Но Чернуху не привлекал выглоданный и вытоптанный луг выгона в серых искоробившихся лепехах засохшего помета, она отошла к полевой изгороди и принялась языком выбирать из‑под нижней жерди пучки мокрой от росы травы. Наталья направилась обратно не прогоном, а более укороченной дорогой, что вела к деревне через гумно. Притворив за собой скрипучий отвод, она зашагала по твердой тракторной колее и не спускала глаз с навесного сарая на току. Длинная зольно‑сиреневая соломенная крыша сарая хоть и была освещена солнцем, но казалась темнее розовато‑бирюзового неба, зато опорные столбы лоснились от лучей, как отлакированные, а в снопах свезенная для обмолота и в штабель сложенная под навесом рожь походила на отлитое в тысячетонную лаву золото.

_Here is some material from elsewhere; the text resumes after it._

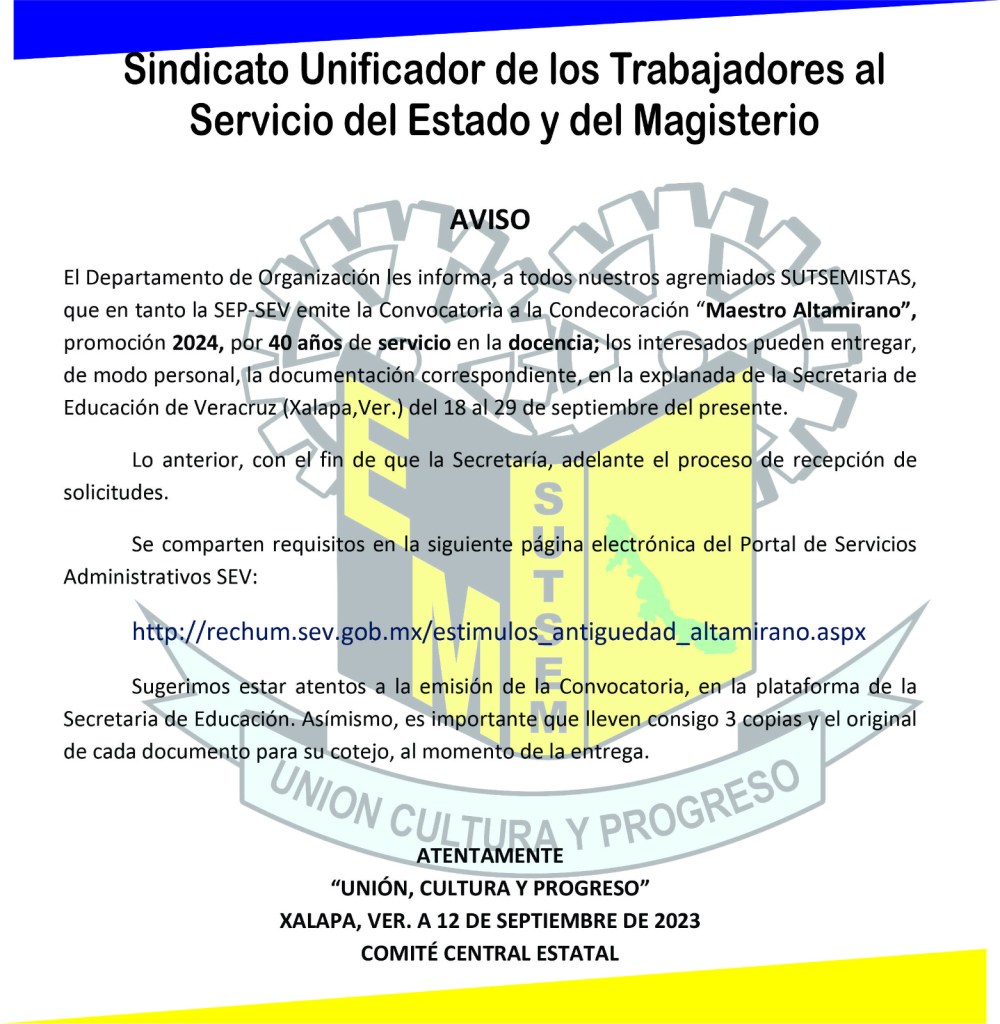 Avisos y Circulares, Organización Conmemoración por 40 años de servicio Publicado por gabosutsem el 12 de septiembre de 2023 Comparte esto: Compartir en X (Se abre en una ventana nueva) X Comparte en Facebook (Se abre en una ventana nueva) Facebook Me gusta Cargando... Relacionado

Как только Наталья приблизилась к сараю, со снопов спорхнула стая воробьев, да с таким шумом, что Наталья вздрогнула: точно наскочил и фыркнул шалый конь. Вылетев из‑под навеса, воришки шарахнулись в густой черемушник, разросшийся вокруг старой овинной ямы за сараем и замерли на мгновение, а потом враз защебетали: казалось, невидимый в черемушнике лихой точильщик водил и водил лезвием ножа по вертевшемуся наждачному колесу точила. И веселый щебет сытых воробьев, и хлебный да будто и солнечный запах от уже пригретой ржи, и самый сарай, внушительный, как корабль на краю поля, — все было Наталье свойски привычно в это раннее утро.
Однако ни под навесом, ни у молотилки и трактора по другую сторону сарая бригадира не оказалось. По свежеочищенному дерну с площадки, по приводному ремню, надетому на шкивы молотилки и трактора, да по скученно сложенным граблям и вилам возле ржи Наталья заключила, что бригадир припасся к молотьбе со вчерашнего и теперь не спешил. Наталья пошла к деревне, несколько озадаченная: ей хотелось переговорить с бригадиром с глазу на глаз, а не на дому при посторонних. Но едва она достигла огородов, как с тропинки между двух высоких тынов вывернулась прихрамывающая фигура самого бригадира. Он на веревке через плечо нес в пук связанные мешки. У Натальи забилось сердце, как в детстве при вызове учителя отвечать урок.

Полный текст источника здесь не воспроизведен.